Authentication
All API requests must be authenticated using an API key. Keys are scoped to your account and grant access to all resources you own.
Generating an API key
Section titled “Generating an API key”- Log in to your BeInfi dashboard.
- Navigate to Settings > Developer > API Keys.
- Click Generate New Key.
- Give the key a descriptive name (e.g., “Production server” or “Testing”).
- Copy the key immediately — it will not be shown again.
Using your API key
Section titled “Using your API key”Include the key in the Authorization header of every request:
curl https://api.beinfi.com/v1/me \ -H "Authorization: Bearer YOUR_API_KEY"A successful response returns your account details:
{ "id": "usr_abc123", "email": "you@example.com", "name": "Your Name", "plan": "pro", "created_at": "2025-01-15T10:30:00Z"}Error responses
Section titled “Error responses”If authentication fails, the API returns a 401 Unauthorized response:
{ "error": "unauthorized", "message": "Invalid or expired API key."}Common causes:
- The API key is missing from the request headers.

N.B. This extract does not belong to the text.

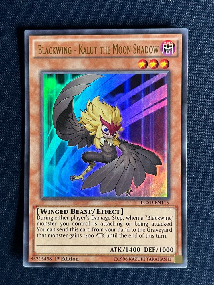 What is pictured is what is being sold, feel free to ask any questions. Item is in condition described in title. ALL CARDS ARE SCANNED WITH DOCUMENT SCANNER, ANY LINES THROUGH CARDS ARE FROM SCANNER NOT ON ACTUAL CARDS. document scanners show any imperfections in holos better than normal pictures so please be aware of that! Will be shipped in top loader. Make offer! Thanks for looking!!! Also, there is Discounted shipping and final price on multipule purchases from the store! The Blackwing - Kalut the Moon Shadow LC5D-EN115 card from Yu-Gi-Oh! TCG is an ultra rare, 1st edition collectible featuring a dark winged beast creature type with high attack power and defense toughness. Manufactured by Konami on sturdy card stock material, this English-language card is a sought-after addition for collectors and players of the Yu-Gi-Oh! trading card game. With its unique features and attributes, this card is a valuable and sought-after item for fans of the game.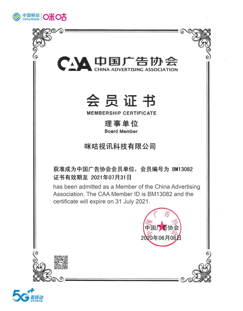 2020年6月8日,中国移动咪咕公司正式成为中国广告协会理事单位。据了解,未来双方将会在共同制定行业标准、共建标准实验室等方面展开深度合作。

- The key was revoked or deleted.
- The key was copied incorrectly (check for trailing whitespace).
Rate limiting
Section titled “Rate limiting”API requests are rate-limited per key:
| Plan | Rate limit |
|---|---|
| Free | 60 requests/minute |
| Pro | 300 requests/minute |
| Business | 1000 requests/minute |
When you exceed the limit, the API returns a 429 Too Many Requests response with a Retry-After header indicating how many seconds to wait.
Key management best practices
Section titled “Key management best practices”- Use separate keys for development and production environments.
- Rotate keys periodically (every 90 days is recommended).
- Revoke unused keys to minimize your attack surface.
- Use environment variables to store keys in your application code.